Direct mail advertising
QUESTION ONE: Rule 7.3(b)(2)(v) of the Rules of Professional Conduct requires a lawyer who is sending out a direct mail letter to a prospective client to put the word "Advertisement" in 14-point red ink in the lower left hand corner of the envelope. If this aspect of the rule is complied with, is it permissible to put other words or terms on the envelope as well?
QUESTION TWO: Rule 7.3(b)(2)(i) requires a lawyer to send to the General Counsel's Office a list of names and addresses of those persons to whom a direct mail solicitation letter has been sent. Can this requirement be satisfied by sending in a computer disk on which that information is contained?
ANSWER QUESTION ONE:According to the Comment of new Rule 7.3, the purpose of requiring the word "Advertisement" on the envelope of a direct mail solicitation letter is to avoid the perception that the letter must be opened merely because it is from a lawyer, when it only contains a solicitation for legal business. It is the Commission's opinion that the addition of other words or terms on the envelope are nothing but attempts to subvert the recipient's option of disregarding a legal advertisement. Direct mail envelopes that contain extraneous terms are not permissible and would be in violation of Rule 7.3(b)(2)(v) of the Rules of Professional Conduct.
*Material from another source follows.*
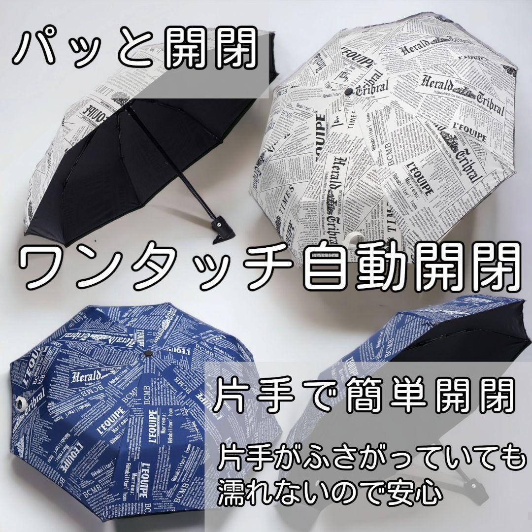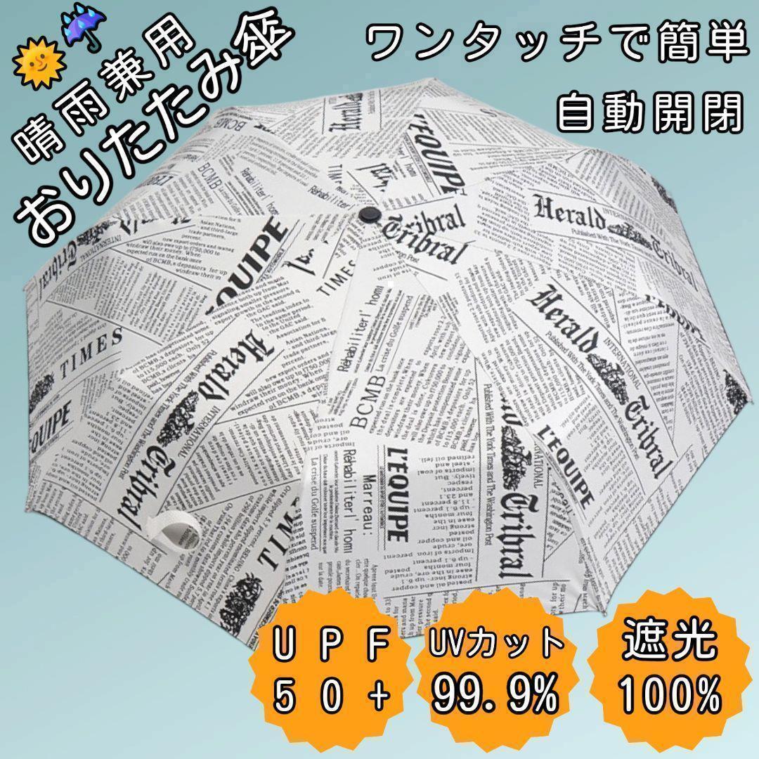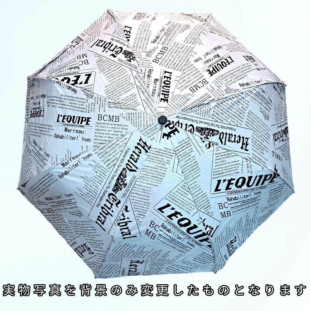 ・レディース&メンズ兼用の英字新聞柄の折り畳み傘・日傘・雨傘。

ANSWER QUESTION TWO:The submission of computer disks containing the names and addresses of persons to whom direct mail letters have been sent does not comply with the filing requirement of Rule 7.3(b)(2)(i). The Commission interprets the term "list" as used in this rule to mean a written or printed series of names. The acceptance of computer disks creates storage problems, and more importantly, the risk of infecting the State Bar's computer system with a virus. The only way to access the information from a disk is to run it on a computer. The information on a printed list is immediately self-evident.